Holly Park/St. Mary’s Park
Avge Price: $1,000,556
Low: $750,000 High: $1,255,000
Number Sold: 4
hollypark_st.mary's_south
Situated between Cortland and the Excelsior, Holly Park/St. Mary’s Park probably has the highest population of homeowners whose properties have been in their family for years. The homes in St. Mary’s are laid out on streets shaped like a bell, and St. Mary’s Park itself also has a popular, fenced-in dog area. Just to the north is Holly Park, which was renovated about ten years ago and is very popular with locals. It’s also only a few blocks from Cortland’s Avedano Holly Park Market, as well as the heart of the retail area. And nearby Mission Street gives you access to bus lines. Single-family home prices are solidly in the $900,000s, with the high-end topping out at around $1,255,000.

Spring a Good Bet for More Inventory

We’ve been operating at a very low housing inventory to date in 2014. It seems like there are anywhere from five to twenty buyers for every property that comes on the market, creating consistent multiple-offer situations and substantial overbidding.

I do expect this activity to continue throughout the year. Our economy is strong in the city, and there is seemingly no end to the number of buyers who are materializing and willing to pay very high prices for homes. But I believe there are many homeowners who are in the process of either planning a move or seriously considering one. It’s hard to pass up an opportunity to cash out, especially if you own a home in a very “hot” neighborhood.

As a result, we can expect a spike in inventory as soon as April, which will scatter buyers around a bit more. Coupled with new construction condo projects beginning sales in the Spring, the pressure should ease a bit on the resale market.

What’s the takeaway? If you’re a buyer who’s planning to start looking in the Spring, it’s important to get sorted out now with your financing. And if you’re a homeowner, this is the time to start preparing your home with painting, repairs and staging so it stacks up well against the competition.

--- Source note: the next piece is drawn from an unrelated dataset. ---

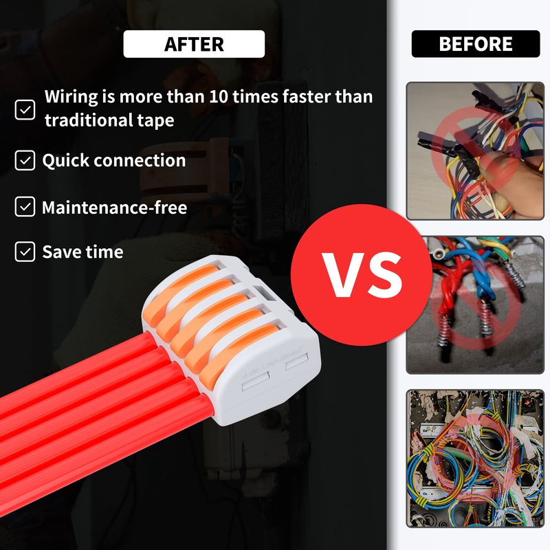 - 【Higher Efficiency】These push-in wire connectors just push the orange handle to 90 °,insert the cable and close the switch. No tape winding, saves a lot of time and effort.

Pricey Prospects for New Condos in SF Pipeline

thecentury
It’s been quite a year for developers of new construction condos and houses in San Francisco. After an economic downturn during which very few new projects were built in the city, construction lurched ahead again—particularly along the Market Street corridor, in Hayes Valley, the Mission and many other popular neighborhoods.

And oh, what a reception these new developments received! Projects such as 300 Ivy in Hayes Valley and ICON in the Castro sold out in record time, and at record prices. Buyers seemed very willing to pay a premium of $1,000-$1200/sq foot for new and shiny, particularly in transit- and retail-friendly communities. And 3500 19th Street at Valencia took advantage of the tech-buying boom and Mission mania by largely selling out all of its 17 condos with sales prices in the $1.3M-$2.3M range.

There are 1800 new construction units on tap for 2014, with more than 50,000 new units in the pipeline for the next six or more years. But if you’re a buyer who’s thinking about holding out until a unit in a particular building becomes available, be aware that prices will only go up from here. For example, currently being built is 35 Dolores, the former car repair warehouse across the street from the recently built rental building with Whole Foods as its anchor. 35 Dolores will likely finish construction in the summer, but will start selling in April. A majority of the units will be two bedrooms, and pricing for premium units will be $1500/sq foot.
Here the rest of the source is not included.